In this study, we developed an automated OSA event detection method using a CNN, where the feature extraction and selection processes were not required. The proposed method detected the start and end positions of the OSA events based on the overlapping epochs in the ECG signal dataset. Our method automatically extracted the time-invariant features from raw ECG signals without utilizing any handcrafted features. The proposed approach is robust and completely automated, and the method can be easily adapted to other physiological signal analyses and prediction problems. The TAC and KP of the proposed model applied to the single-channel ECG reached 96.1% and 0.92, respectively. The experimental results showed that the proposed method could accurately score the OSA events and that it achieved comparable performance with other state-of-the-art studies. More importantly, our method can prevent sudden death from OSA, which is important for the patients who are severely affected by OSA.

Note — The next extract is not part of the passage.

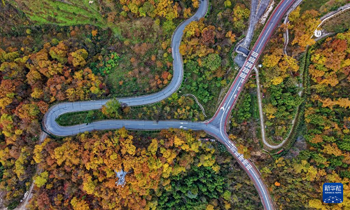 11月10日拍摄的湖北省襄阳市保康县马桥镇景色(无人机照片) 。(新华社发 陈泉霖 摄)

There are some limitations associated with our CNN method. First, the proposed model can only detect OSA and normal events but not hypopnea events. Although hypopnea is not as serious as OSA, it is still prevalent in sleep-disordered breathing patients. Second, it is difficult to score transition epochs using our method. In the future, we will improve the discrimination ability of our method for AEs and NEs. In addition, the automated anomaly detection of ECG based on the CNN, which is important to rapidly assess the quality of the ECG data, will be studied.

Data Availability

The Apnea-ECG dataset, downloaded from https://www.physionet.org/content/apnea-ecg/1.0.0, was used to evaluate our proposed approach.

Conflicts of Interest

The authors declare that they have no conflicts of interest.

Acknowledgments

This work was supported in part by the Henan Provincial Key Science and Technology Research Projects under Grant nos. 202102210127 and 212102210142, in part by the National Science Foundation of China under Grant no. 61973177, in part by the Henan Key Laboratory of Smart Lighting, in part by Henan International Joint Laboratory of Behavior Optimization Control for Smart Robots, in part by the Programme of Henan Innovative Research Team of Cooperative Control in Swarm-based Robotics, in part by the Award Plan for Tianzhong Scholars of Huanghuai University in 2019, in part by Zhumadian Artificial Intelligence & Medical Engineering Technical Research Centre, and in part by Zhumadian Industrial Innovation and Development Research Major Project under Grant no. 2020ZDA06.